In 2017, "Dirty Work" became a sleeper hit in Japan after comedienne Blouson Chiemi began using it in her "Career Woman" comedy routine. After seeing her comedy routine, Mahone offered to collaborate with her, and a "Dirty Work" remix featuring Blouson Chiemi was released on iTunes on June 8, 2017. The song was featured in a commercial for NTT Docomo. The single was released as a CD in Japan on July 19, which includes two remixes of the song.

==Composition==
"Dirty Work" is a "bouncy, funky jam" that Mahone describes as having "a Bruno Mars / "Uptown Funk" type of vibe."

==Critical reception==
The song received positive reviews.

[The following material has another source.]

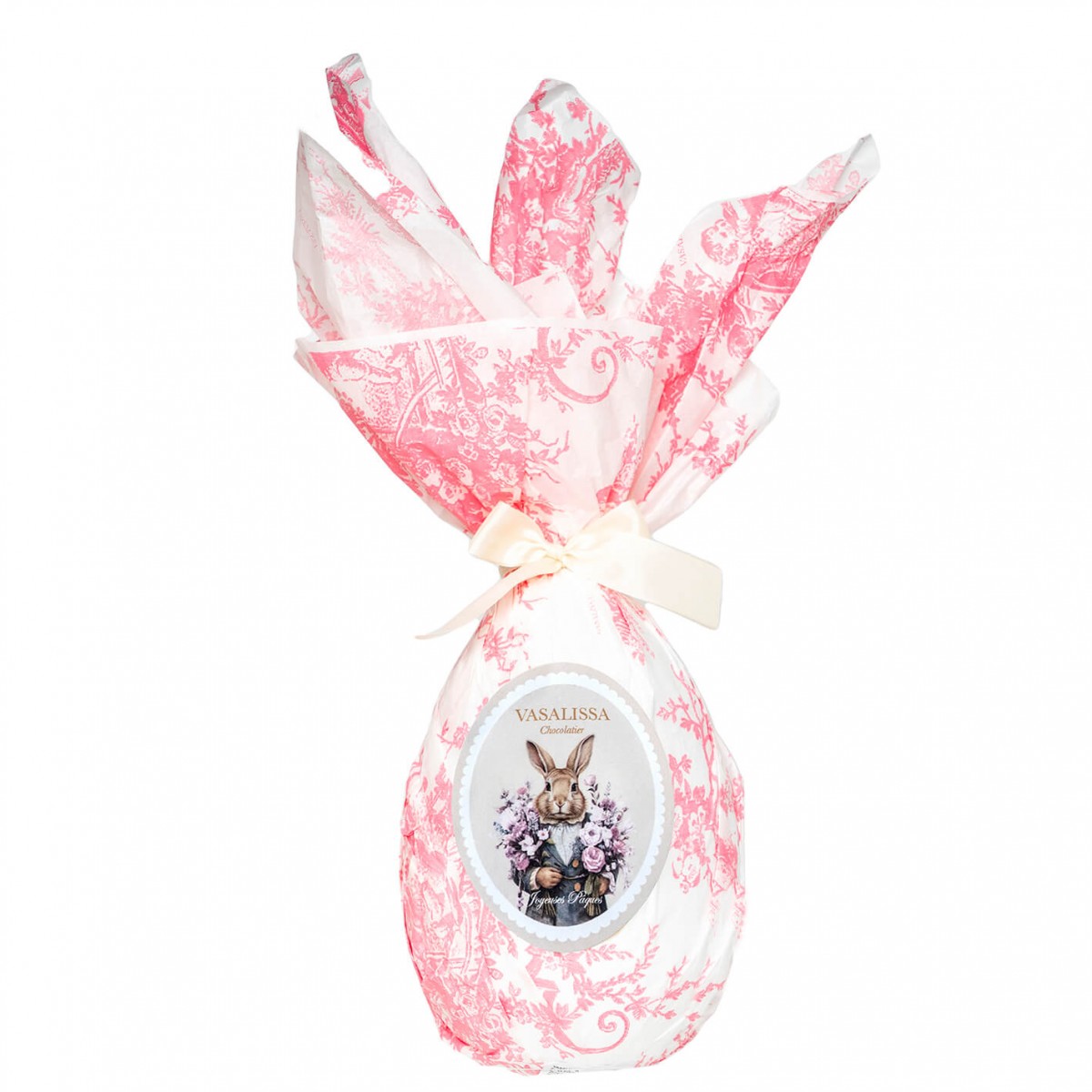 Huevo de Pascua de 20cm de alto en chocolate con leche. Sorpresas almendras bañadas en chocolate con leche y chocolate amargo. (Los colores de los envoltorios pueden variar)

Jason Lipshutz of Billboard called it Mahone's "best and most ambitious single to date". Mike Wass of Idolator called it a 'retro-leaning banger' and likened it to hits by Bruno Mars and Justin Timberlake, while Fuse's Jeff Benjamin wrote "At times the guitars sound a bit like the ones in Michael Jackson's "Black or White."

==Chart performance==
"Dirty Work" was met with low chart success on its initial release, only reaching number 28 on the US Pop Digital Song Sales chart, number 21 on the Underbubling Charts and number 30 on the Mexico Ingles Airplay chart. However, in 2017, the song topped the Japan Hot Overseas chart. The song spent 15 weeks at number-one on the chart, as well as peaked at number four on the Japan Hot 100. In October 2017, the song was certified Platinum in Japan.

==Music video==
The music video for "Dirty Work" was filmed in April, 2015. Mahone stated in an interview with WiLD 94.9 that the video would be in black and white. However, Mahone later re-shot the video with an entirely new concept, and this original version of the video was never released.

In early July, Mahone filmed a second video for the song, inspired by the American TV version of The Office. This version of the video was released on July 27, 2015. In it, Mahone plays the office heart-throb, who is pursuing the sexy new girl. It includes a cast of fellow workers, who goof around and dance with Mahone throughout the video, with The Office style interviews to camera inter-cut throughout.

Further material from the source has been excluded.